I have one fat folder in my tall filing cabinet that contains the writing of
others, mostly left over from the poetry slams that I ran back in the 90s, but
still couldn’t find any of Tom’s writing, so I gave up on that. I’m sure it’ll
pop up sometime when I’m not looking for it.
One result from
rifling through the drawers was that it put new dust on my living room floor,
almost rendering all my previous vacuuming a waste of time.
In the late
afternoon I took a bike ride. Once I was downtown and anywhere east of Yonge
there were line-ups of cyclists at every light. I got ahead of each of them
once the light turned green. This time I went as far as Coxwell. On the way
back a super villain in spandex whizzed past me but I couldn’t overtake him
without exposing my secret identity, thereby putting my family in danger.
I went down Yonge
Street and almost all the way down was riding beside an obnoxiously loud yellow
Lamborghini that looked like a steamroller had run over a Corvette. The two
young guys riding in the rude machine would rev the engine at every light and
it sounded like a mechanical lion coughing up a hairball. I was often ahead of
them but they would pass me about halfway before each corner. They finally
turned left on Victoria.
When I got home I
went back out to the liquor store to get a can of Creemore to have with my
dinner.
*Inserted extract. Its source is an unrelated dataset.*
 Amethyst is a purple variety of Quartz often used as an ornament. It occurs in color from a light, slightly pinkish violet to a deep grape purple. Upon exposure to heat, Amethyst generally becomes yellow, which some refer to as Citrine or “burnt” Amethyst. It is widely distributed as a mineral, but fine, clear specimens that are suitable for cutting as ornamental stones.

I ate while watching an Alfred Hitchcock Hour teleplay starring Jack
Cassidy as a photographer named Arthur Mannix who doubles as an assassin. All
of his killing work seems to come from one mega corporation that, instead of
firing its unwanted employees, kills them off. Meanwhile, Arthur is courting a
gorgeous young woman named Sylvia whose father, Ernest tells him that he will
only let him marry his daughter once he has $50,000 in the bank. The person
that pays Arthur for his work has just been told by his boss that the company
is downsizing and so only the cream of employees are to keep their jobs.
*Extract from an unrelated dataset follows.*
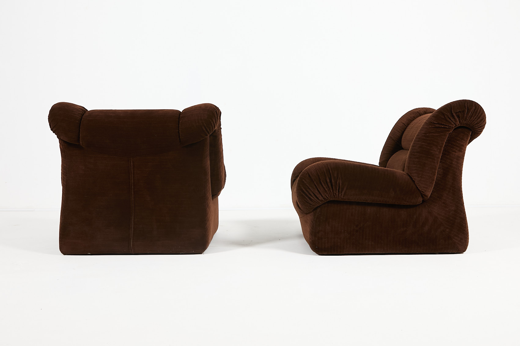 Vintage sculptural pair of brown velvet lounge chairs from 1970’s produced by Mimo Padova, Italy.

Because of this he gives Arthur a new job for double his usual payment. The
target turns out to be an undertaker and Arthur sets up a studio across from
his mortuary. As he is staking out his victim though he notices something
strange about his behaviour. The undertaker finally calls Arthur and says he
wants to talk about having some photos down for his business. He enters the
studio while Arthur is in the darkroom. He pulls out a switchblade stiletto to
kill Arthur but Arthur is ready for him with karate and overpowers him. It
turns out that just as Arthur’s photography profession is a front, the other
undertaker is also really an executioner for the company. They have been pitted
against one another as part of the process of sorting out which employees are
the best. The two hitmen have a very civil conversation even though Arthur has
made it clear that he is about to kill the other. The undertaker pulls a knife
from under his collar and throws it, but it misses and Arthur kills him.
Arthur’s supervisor gives him another job, which is to kill his fiancé’s
father, which he easily does. The story ends with a wedding and I guess they
live happily ever after.
The story was
written by Alfred Hayes, who wrote the poem “Joe Hill”, which became the lyrics
for the song of the same name that became a folk music standard and was most
famously sung by Joan Baez at Woodstock.